Insider Brief
- C12 unveiled a multi-generation roadmap to build fault-tolerant quantum computers using carbon nanotube spin qubits, targeting utility-scale systems by 2033.
- The roadmap progresses from early logical qubits in Aïdôs (2027) to large-scale systems in Panopeia (2033), scaling to over 100,000 physical qubits and hundreds of logical qubits with improving error rates.
- The company’s approach emphasizes system architecture, modular chiplet-based integration, and efficient error correction rather than simply increasing qubit counts, aiming to enable scalable and deployable quantum systems.
PRESS RELEASE –C12, a Paris-based quantum computing company developing processors based on carbon nanotube spin qubits, today unveiled its technology roadmap towards commercial fault-tolerant quantum computing. The roadmap outlines four generations of systems, from Aïdôs (2027) to Panopeia (2033), designed to scale quantum processors from early logical qubits to utility-scale quantum computers.
The announcement reflects the company’s dedication to systems engineering and large-scale integration. Rather than focusing on increasing the number of qubits simplistically, C12 is addressing the architectural challenges that determine whether quantum computers can scale to useful levels. These include efficient error correction, scalable interconnects, reproducible manufacturing, and deployable system design.
“Our objective is not simply to build more qubits,” said Pierre Desjardins, co-founder and CEO of C12. “The real challenge is building quantum computers that can scale reliably. Our architecture is designed from the outset for scalability, speed, and real-world viability.”
C12’s roadmap introduces four processor generations.
- Aïdôs, expected in 2027, will demonstrate the company’s first logical quantum operations. The system will integrate 16 physical qubits to form a logical qubit while maintaining sub-microsecond physical gate speeds.
- Zélos, planned for 2030, introduces modular semiconductor integration. The processor will scale to 236 physical qubits and eight logical qubits while reducing logical error rates to approximately 10⁻⁵. This generation introduces chiplet packaging, cryogenic electronics, all-digital control signals, an on-chip qubit bias array, and multiplexed readout designed to support scalable manufacturing.
- Styx, targeted for 2032, extends the modular architecture by replicating the chiplet unit of Zélos many times. The processor is designed to reach 8,500 physical qubits and at least 128 logical qubits, with logical error rates of 10⁻⁶ and significantly improved power efficiency.
- Panopeia, planned for 2033, represents the transition to an integrated utility-scale quantum system, capable of supporting universal quantum computation. The architecture combines Styx modules to target more than 100,000 physical qubits and nearly 800 logical qubits, reducing logical error rates to around 10⁻⁷ while maintaining sub-watt power consumption per qubit within a single cryostat.
C12’s processors use carbon nanotube spin qubits, a solid-state platform that combines the speed of semiconductor devices with strong noise isolation. Ultra-pure carbon-12 nanotubes provide a nearly ideal one-dimensional pathway for electrical signals, enabling fast electronic gate operations and uniform qubit control.

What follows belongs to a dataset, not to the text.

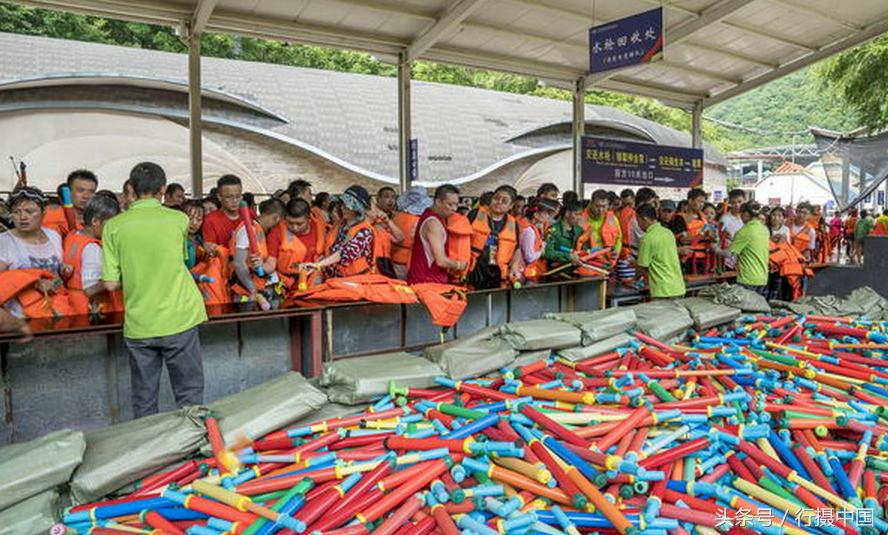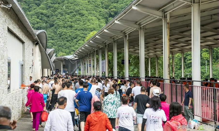 乘景區(qū)導站車,從綜合服務區(qū)駛離,經過七八分鐘時間就會來到起點服務區(qū)。路上會經過旅行社服務區(qū),那里有來自不同地區(qū)旅行社組織來漂流的游客,他們先乘坐旅行社大巴,在指揮中心的統(tǒng)一指令下按規(guī)定時間到達起點服務區(qū)。

“The materials platform we use gives us an unusual combination of speed, connectivity, and stability,” said Matthieu Desjardins, chairman, co-founder, and CTO of C12. “That allows us to design systems where quantum error correction and large-scale integration are efficient at scale.”

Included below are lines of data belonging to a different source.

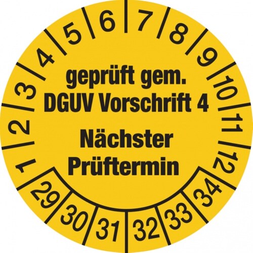 König Werbeanlagen Dreifke Prüfplakette, DGUV Vorschrift 4 Nächster Prüftermin, ge - 30 mm Folie selbstklebend
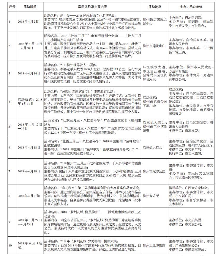 “壮族三月三·八桂嘉年华”柳州市2018年 “紫荆花城 醉美柳州”活动汇总表
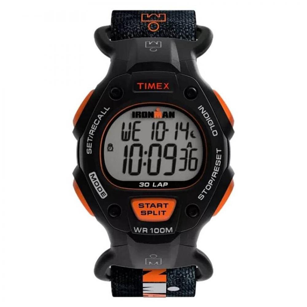 Black resin case with a black fabric strap. Fixed black resin bezel. Digital dial. Dial Type: digital. Quartz movement. Scratch resistant acrylic crystal. Solid case back. Round case shape, case size: 38 mm, case thickness: 11 mm. Band width: 22 mm. Buckle clasp. Water resistant at 100 meters / 330 feet. Functions: date, day, hour, minute, second, 3 time zone tracking capability, 24-hour countdown timer, alarm. Ironman Series. Sport watch style. Timex Ironman Classic 30-Lap Quartz Digital Watch TW2W94000.
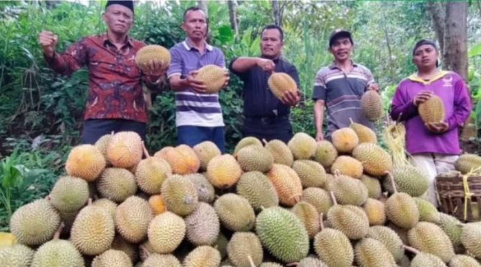 Sebab para petani tengah memanen raya durian di kebunnya. Setiap hari tak kurang dari sepuluh ribu durian dipanen dan dijual ke kota.

The architecture incorporates a quantum bus enabling all-to-all connectivity within qubit zones and relies on chiplet-based 3D integration to scale processors through modular replication. The company also targets a fully-scaled system within a 17 square meter footprint and sub-watt power consumption per qubit in order to keep large-scale quantum systems practical to deploy.
The systems in the roadmap are named after figures from Greek mythology, reflecting both the progression of the technology and the philosophical roots of science in ancient Greece. Aïdôs, the spirit of humility, reflects the fact this system targets only the first small step toward utility: a modest logical qubit. Zélos, the embodiment of ambition, represents the drive to scale the quantum system while maintaining fidelity and control. Styx, the goddess overseeing the mythological river separating worlds, symbolizes the boundary between the classical world and the world of potential quantum advantage as the hardware becomes resilient enough to support large-scale computation. Panopeia, a name that reflects the ability to see all possibilities, much like qubits, represents C12’s vision of a useful fault-tolerant quantum processor operating at utility scale.
C12 develops its technology stack in its laboratory in central Paris, including materials, nanofabrication, and system architecture.